::: Data listing :::
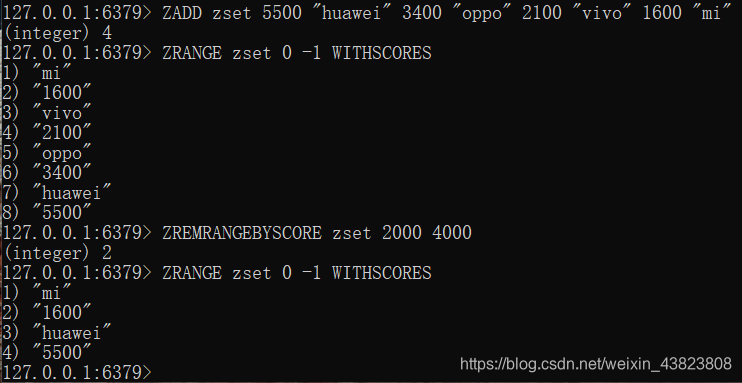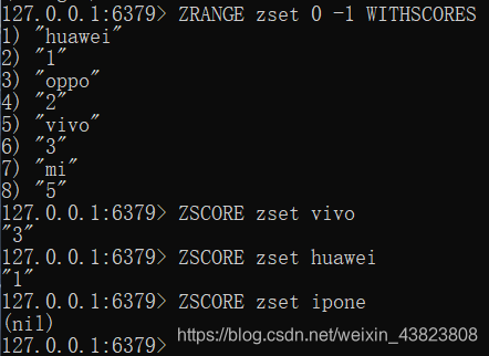 返回的每个元素都是一个有序集合元素,一个有序集合元素由一个成员(member)和一个分值(score)组成。
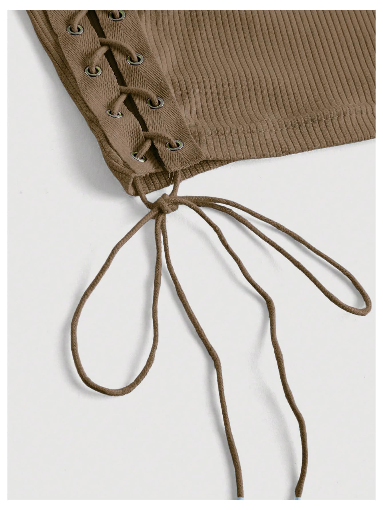 Feature: Star pattern, lace up, rhinestone, crewneck, slim fit, ribbed knit, concert outfits, vest tops for women, easy to pair with jeans, pants, shorts, etc
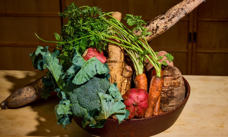 当日使用する食材は、静岡・焼津で水揚げされたばかりの魚介や早朝に専用の畑から収穫した新鮮野菜。
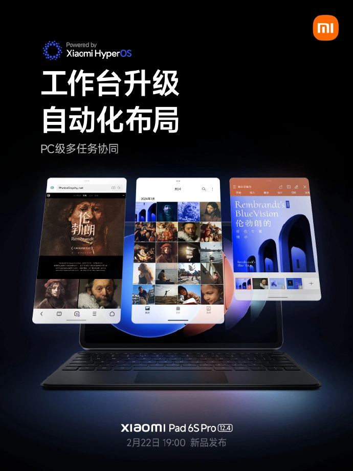 2 月 20 日消息,小米平板 6S Pro 将于 2 月 22 日晚发布,而根据“小米平板”官方微博预热信息,小米届时还将升级澎湃 OS,为兼容设备上线“AI 妙画”、“工作台 2.0”等功能,整理相关信息如下:
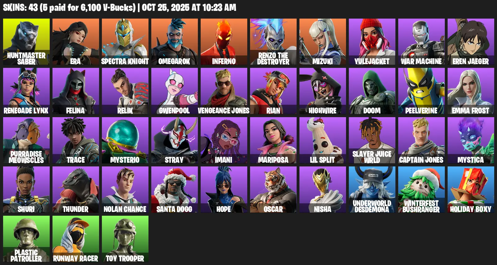 [PC/PSN] | 43 skins | Huntmaster Saber | Era | Spectra Knight | Omegarok | Inferno | Renzo the Destroyer | Mizuki | Yulejacket | #NQE6526 | #MBFN
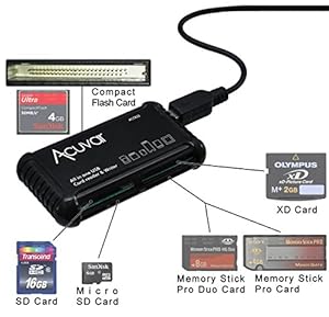 • Acuvar High Speed All-in-1 Memory Card Reader / Writer for SD/SDHC, Micro SD, CF, XD, MS/Pro & Duo Cards
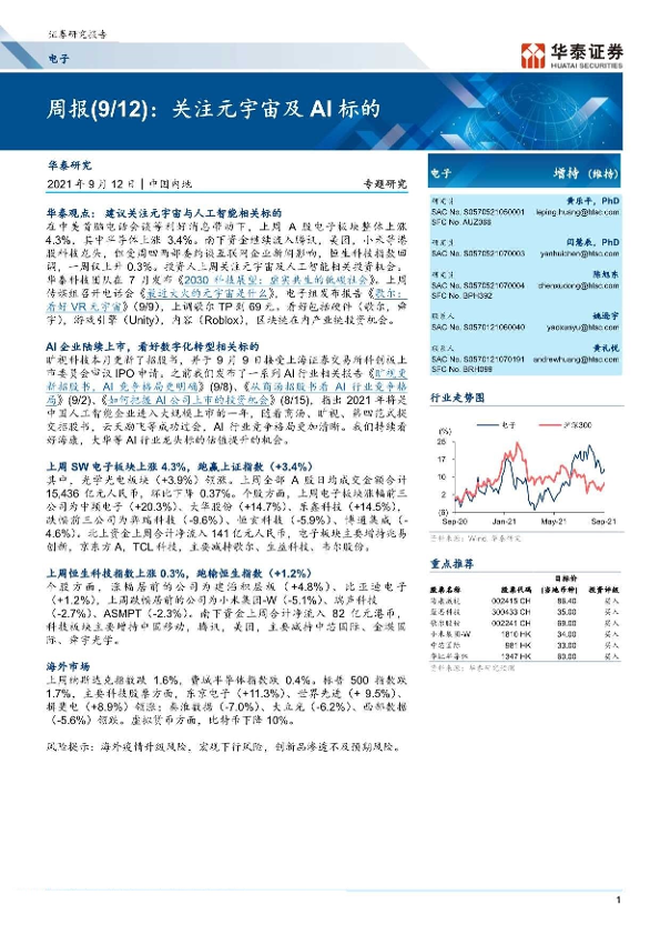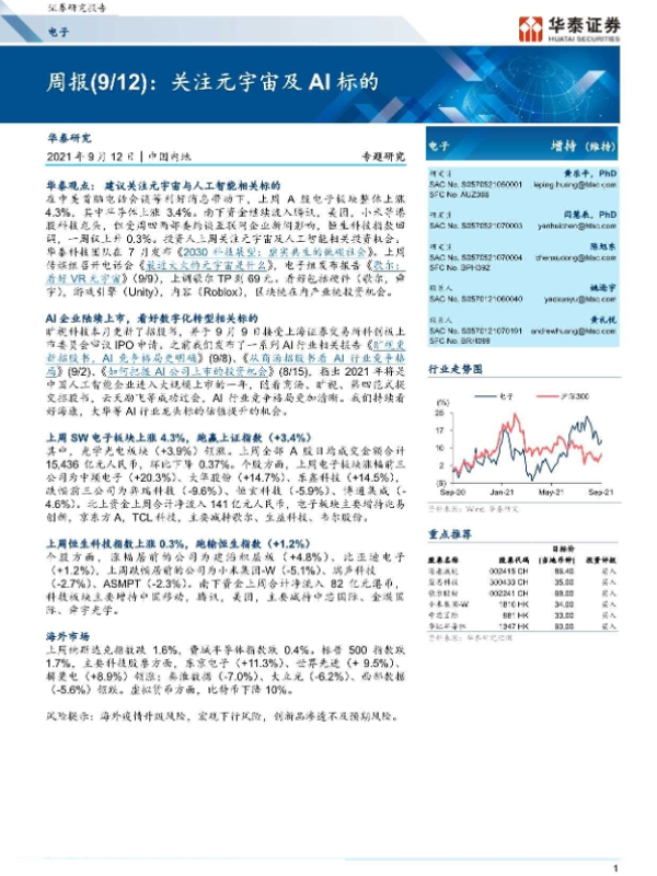 【华泰证券】【20210912】20210912-华泰证券-电子周报:关注元宇宙及AI标的-13页
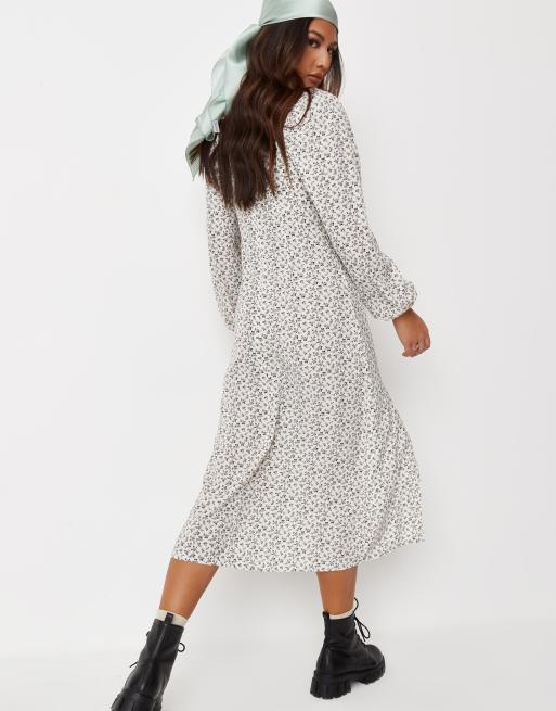 Ditsy Floral Print Long Sleeve Midi Dress Nasty Gal
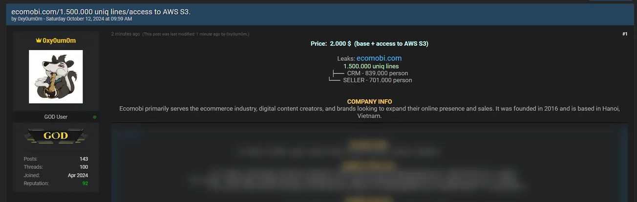 A Threat Actor is Allegedly Selling Database and Access to Ecomobi
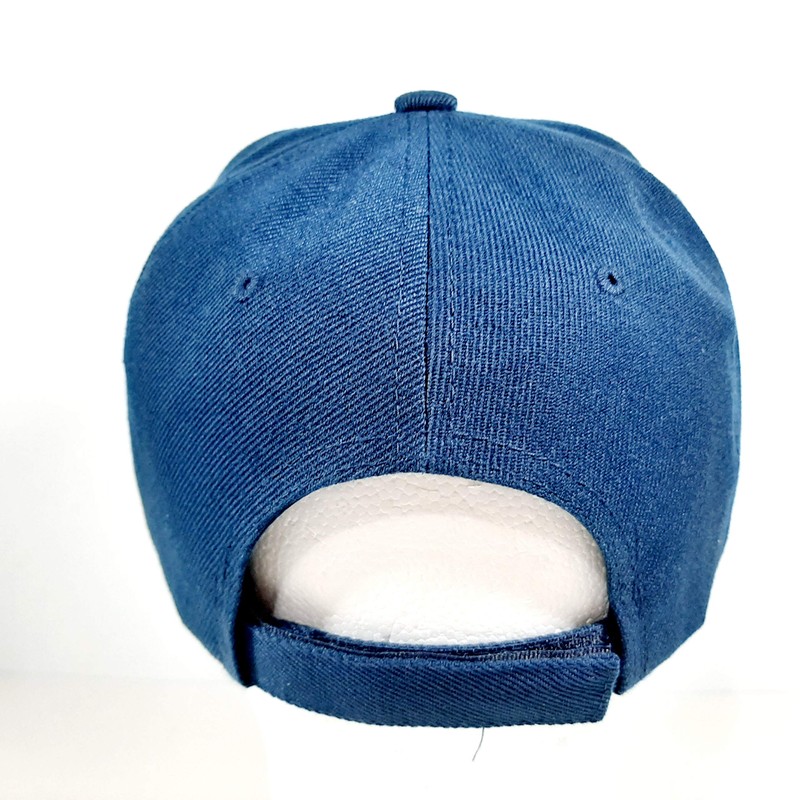 High Quality Embroidered Patch Heat Pressed Onto A 6 Panel Navy Blue Hat Made of 100% Acrylic
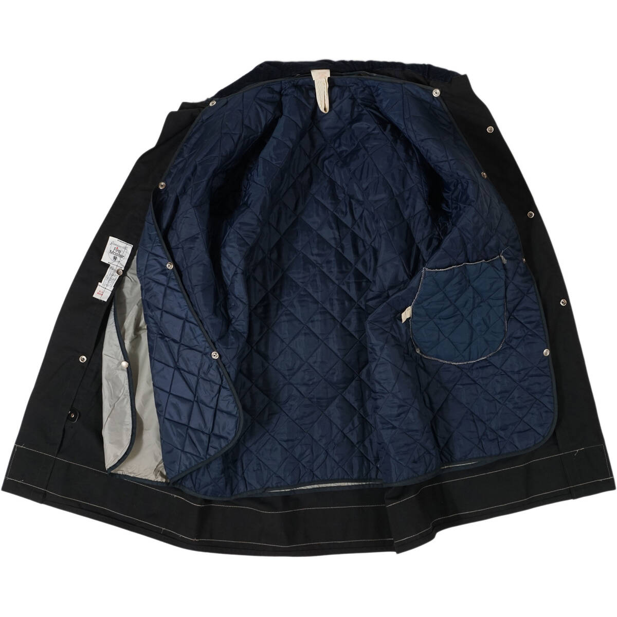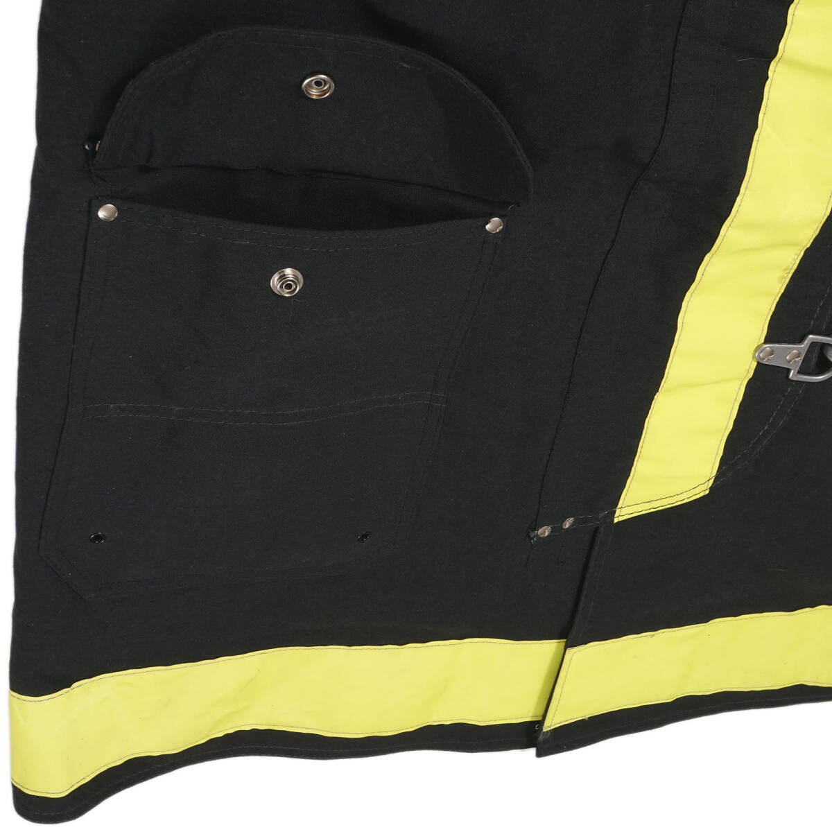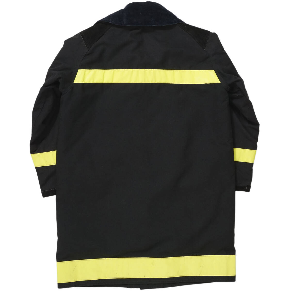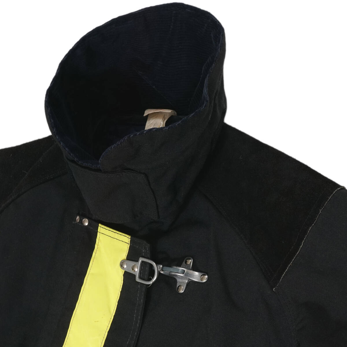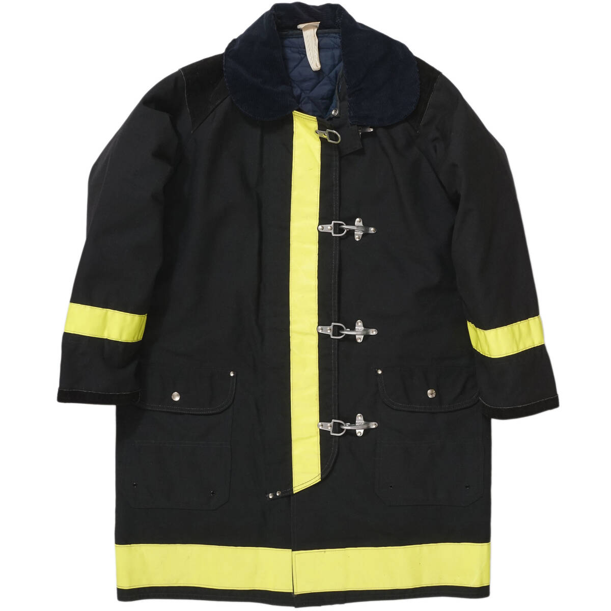 90年代頃まで良く見られたコーデュロイの襟に、現在では防火服規格に合わないため作られない膝丈など、時代を感じさせる防火服です。4つのうち一番上のフックだけが逆バージョンになっているのも珍しいポイントです。
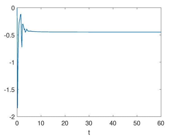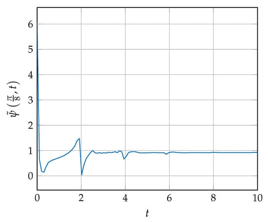 In this case, neither the analytical space-time solution nor the limit stationary solution in closed form, as in the previous cases, are known. In Figure 23, the Energetic BEM approximate solution, obtained at on using quadratic B-splines and fixing and , is shown.
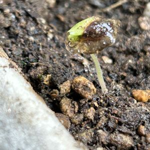 買ってきたレタスのフィルムにへばり付いているのを見つけ、プランターに植えた謎の羽付き種から、芽🌱が出てきました。 「キミは運が強いねー。一体、何者なの❓」 「ふふふ🤭まだないしょ❗️」
:::
## Aim of the exercise
Only the lines from the one containing "MS/Pro & Duo Cards" through the last line of the entries above belong in the copy; reproduce them exactly and drop every picture.

## Written reply
 • Acuvar High Speed All-in-1 Memory Card Reader / Writer for SD/SDHC, Micro SD, CF, XD, MS/Pro & Duo Cards
 【华泰证券】【20210912】20210912-华泰证券-电子周报:关注元宇宙及AI标的-13页
 Ditsy Floral Print Long Sleeve Midi Dress Nasty Gal
 A Threat Actor is Allegedly Selling Database and Access to Ecomobi
 High Quality Embroidered Patch Heat Pressed Onto A 6 Panel Navy Blue Hat Made of 100% Acrylic
 90年代頃まで良く見られたコーデュロイの襟に、現在では防火服規格に合わないため作られない膝丈など、時代を感じさせる防火服です。4つのうち一番上のフックだけが逆バージョンになっているのも珍しいポイントです。
 In this case, neither the analytical space-time solution nor the limit stationary solution in closed form, as in the previous cases, are known. In Figure 23, the Energetic BEM approximate solution, obtained at on using quadratic B-splines and fixing and , is shown.
 買ってきたレタスのフィルムにへばり付いているのを見つけ、プランターに植えた謎の羽付き種から、芽🌱が出てきました。 「キミは運が強いねー。一体、何者なの❓」 「ふふふ🤭まだないしょ❗️」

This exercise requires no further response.